As someone who is generally very excited about the potential of LLMs to improve developer productivity I find this article a bit frustrating.

This isn't a productive way to use an LLM. The example was so trivial you could easily rewrite it from scratch in less time.

That would be irrelevant if the process scaled to more complex applications, but the blog shows it fails to understand or implement the simple example repeatedly. This left me with little hope that the technique scales.

I worry that creating so much hype will lead to some kind of backlash.

johnisgood

If backslash means less demand that drives down prices, I am all up for it, so I can be productive for cheaper.

stevekemp

At some point the food-tax dropped from 10% to 5% which I guess is good for people who need to eat!

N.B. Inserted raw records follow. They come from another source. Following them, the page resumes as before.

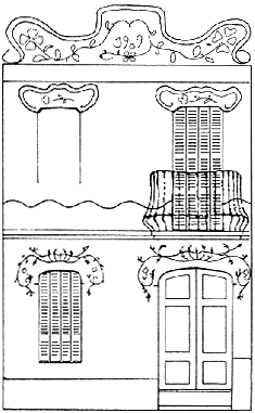 La façana representada al dibuix correspon a un edifici del carrer Pi i Margall de Sant Boi de Llobregat. Consta de planta baixa, pis i terrat pla. La finestra i la porta de la planta baixa són d'arc carpanell i per sobre tenen una ornamentació d'esgrafiats florals. El pis queda separat per una línia de cornisa i té una balconera i una finestra cega, ambdues amb una llinda ondulada on apareix l'esgrafiat d'una flor. La part baixa d'aquest pis està ornamentada amb una faixa ondulada. L'edifici es corona amb un ampit de línies sinuoses amb esgrafiats amb motius florals i la data de construcció.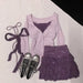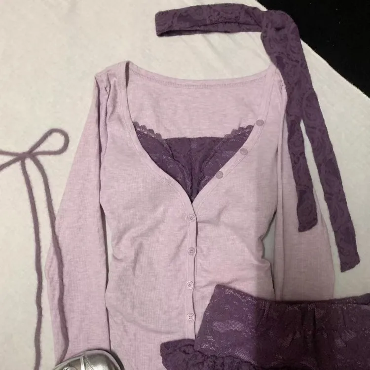 LIZAKOSHT  -  Lolita Sweet Skirt Set Women Purple Patchwork Long Sleeve Cardigan Layered High Waisted Pretty Style Mini Lace Skirt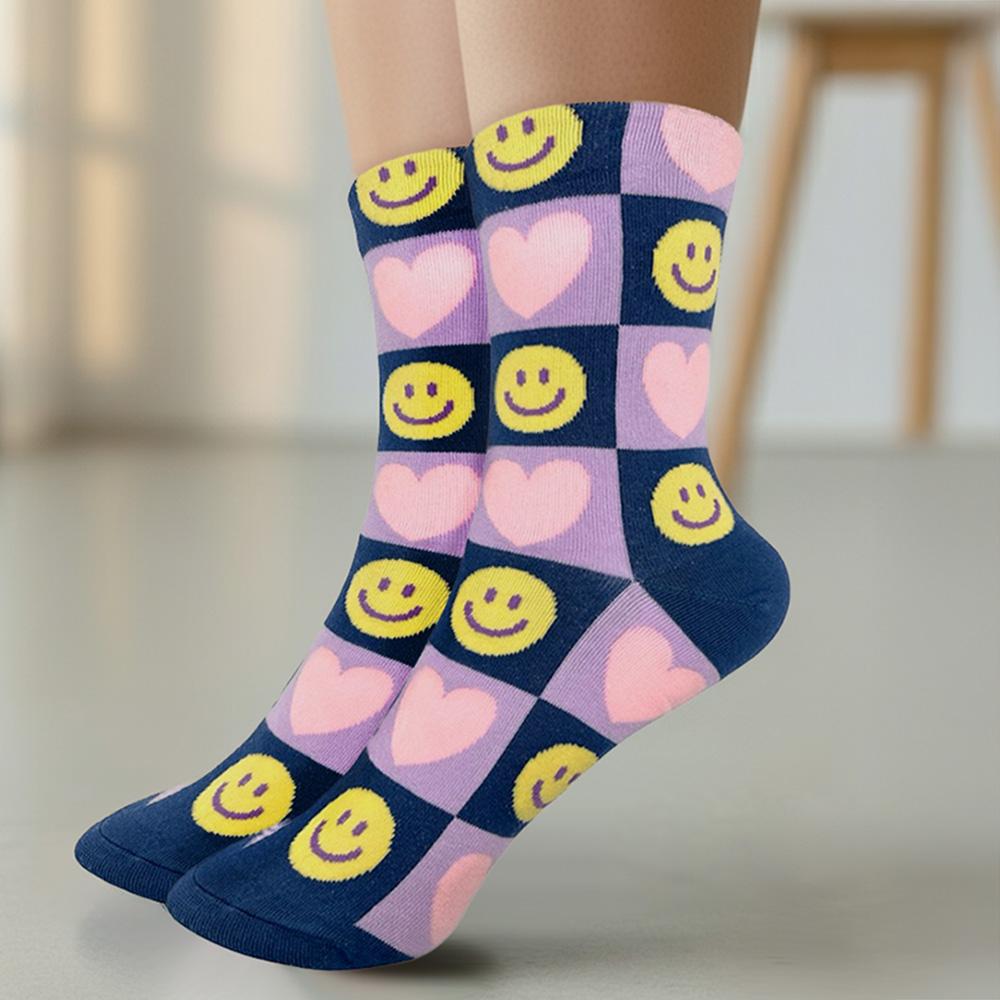 • Pack of fun pattern socks featuring playful smiley and heart designs for a cheerful everyday accessory. Soft and comfy, these socks add a touch of joy to casual outfits and make a perfect gift or colorful addition to any sock collection.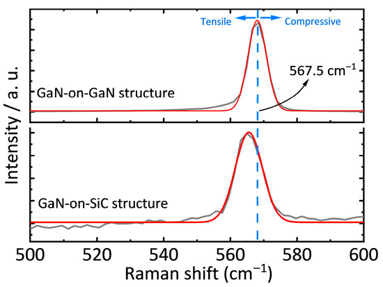 Raman spectrum of the (a) GaN-on-SiC structure and the (b) GaN-on-GaN structure.

I still do a fair bit of z80 programming for myself, and I'm very familiar with the Spectrum so this was a nice article to see, but it's a bit underwhelming how well this seemed to go.

ghuntley

Yeah, this was pointed out to me after publishing. Specifically, when the ASM was converted over /specs, it incorrectly wrote the amount of sales tax to the specs. Thus, the z80 implementation took that incorrect /spec and made it happen. At this stage, I'm sure if I had put some more care/effort into transpiling something from the source (i.e., connecting two or more LLMs as a check on that process) to specs, this problem could have been avoided.

sneak

…and it changed the default tax rate from 25% to 10%.

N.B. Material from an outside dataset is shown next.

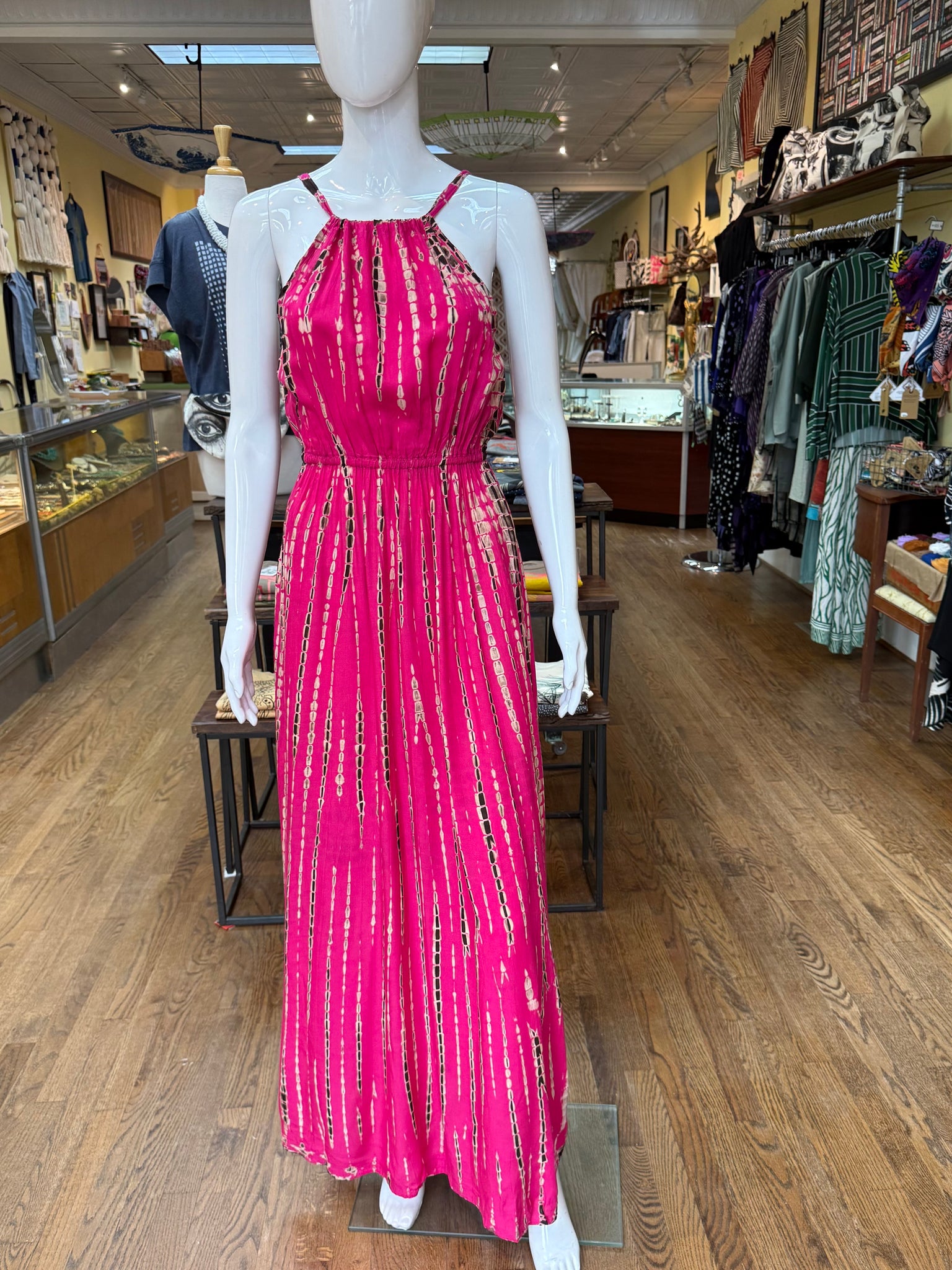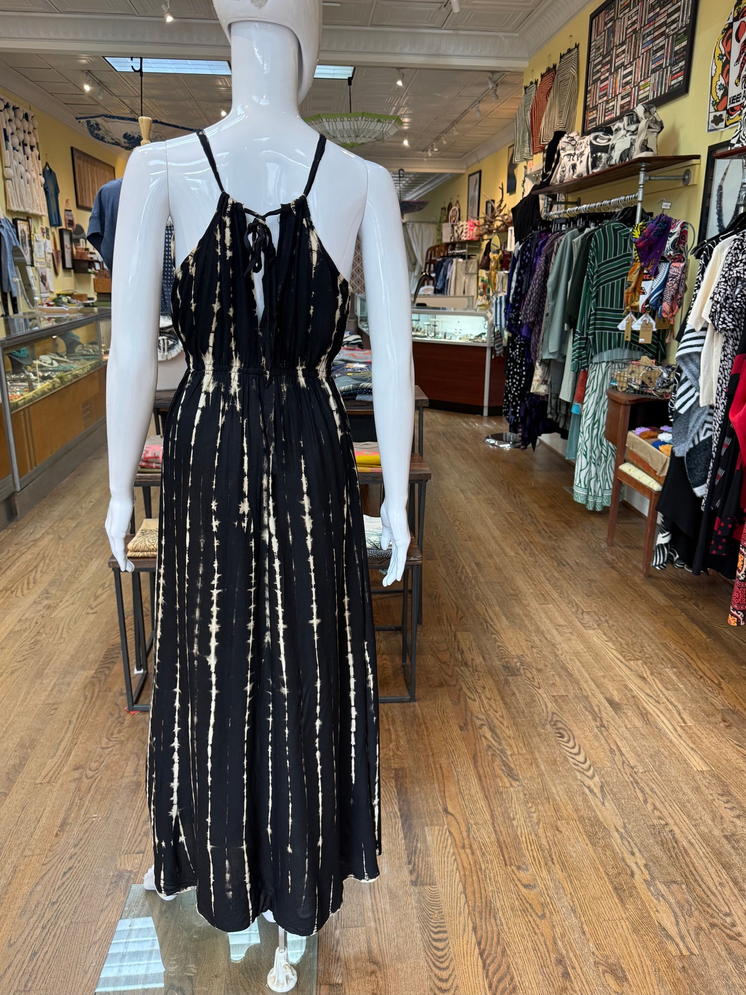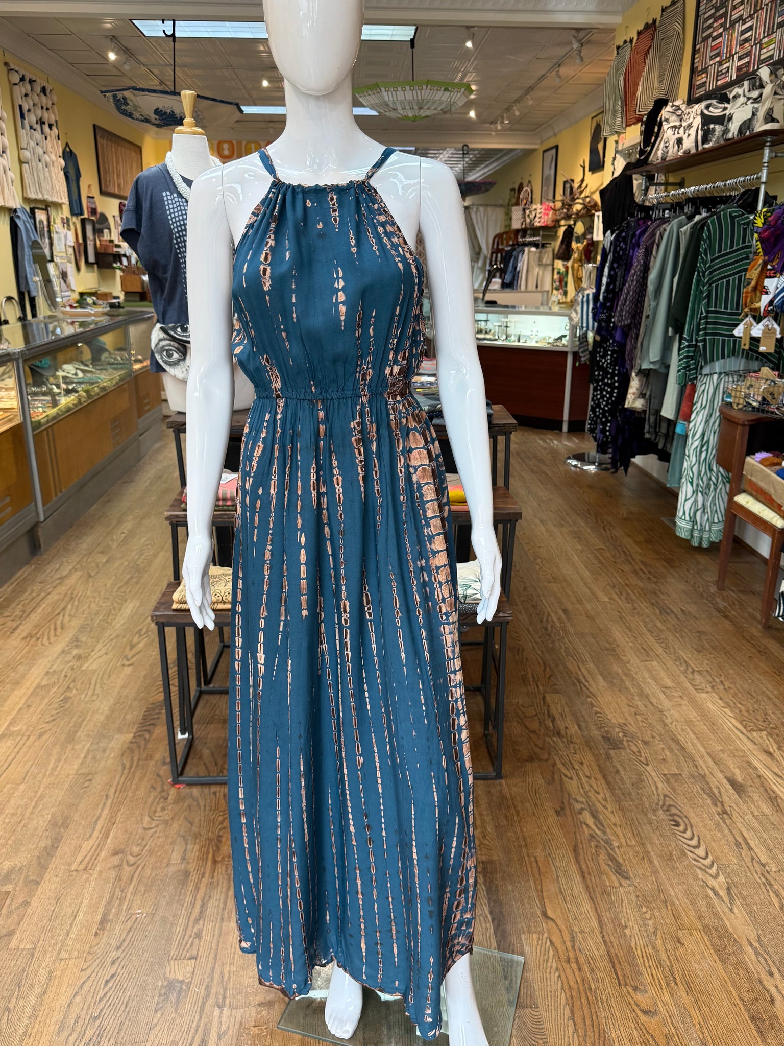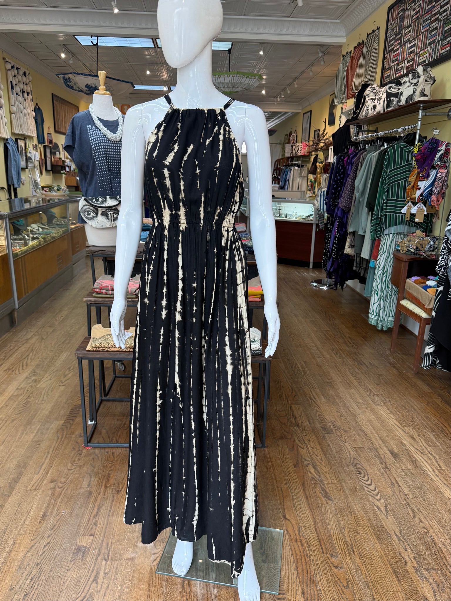 Beautiful shibori dyed maxi dress with a higher neckline that you can adjust with a self tie in the back. Nice event or evening piece.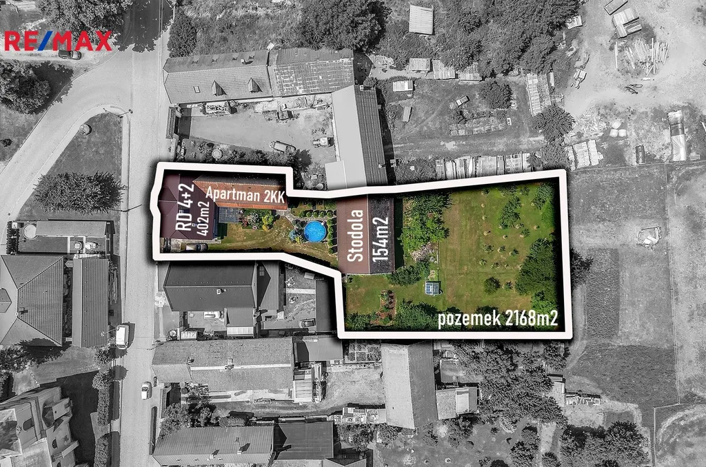 Celková výměra pozemku 2168m2 z toho je cca 400m2 zastavěno domem a stodolou. Zbývajících 1768m2 náleží k volnému pohybu po pozemku. Zahrada je zatravněna s kombinací stromů a keřů cca 60ks (ořech, višeň, jablka Golden, švestky, třešeň, broskve, jahody, rybíz, angrešt a vinná réva, možno využít skleníku o velikosti 6,3m2. Na velké zahradě je možnost zbudovat venkovní pergolu, pro Váš odpočinek a relaxaci v letních měsících. Bazén v přední části pozemku. Pozemek je po celém obvodu oplocený.

It’s still impressive, but it’s basically advanced autocomplete. You still have to read and check every line and make sure it is doing what you expect it to do.

ghuntley

covered here https://news.ycombinator.com/item?id=43387590

but yes, indeed you still need to watch it like a hawk when using it outside of a tight eval loop (ie. make all | make property-tests) and/or implement some other form eval loop on the original /spec generation.

ohmygoodniche

The author says you have to trust the LLMs though for it to work... You can downvote this but read the articles conclusions first...

aNoob7000

Are there any demos showing how to manage an existing codebase? Everyone loves to demo how AI can create new programs with a snap, but the elephant in the room is how well AI works with existing codebases and manages things like naming conventions, APIs from other apps, etc.

ghuntley

That's an interesting question, and I spend plenty of time exploring this at my current client. The best tip I can give you right now is really - it depends.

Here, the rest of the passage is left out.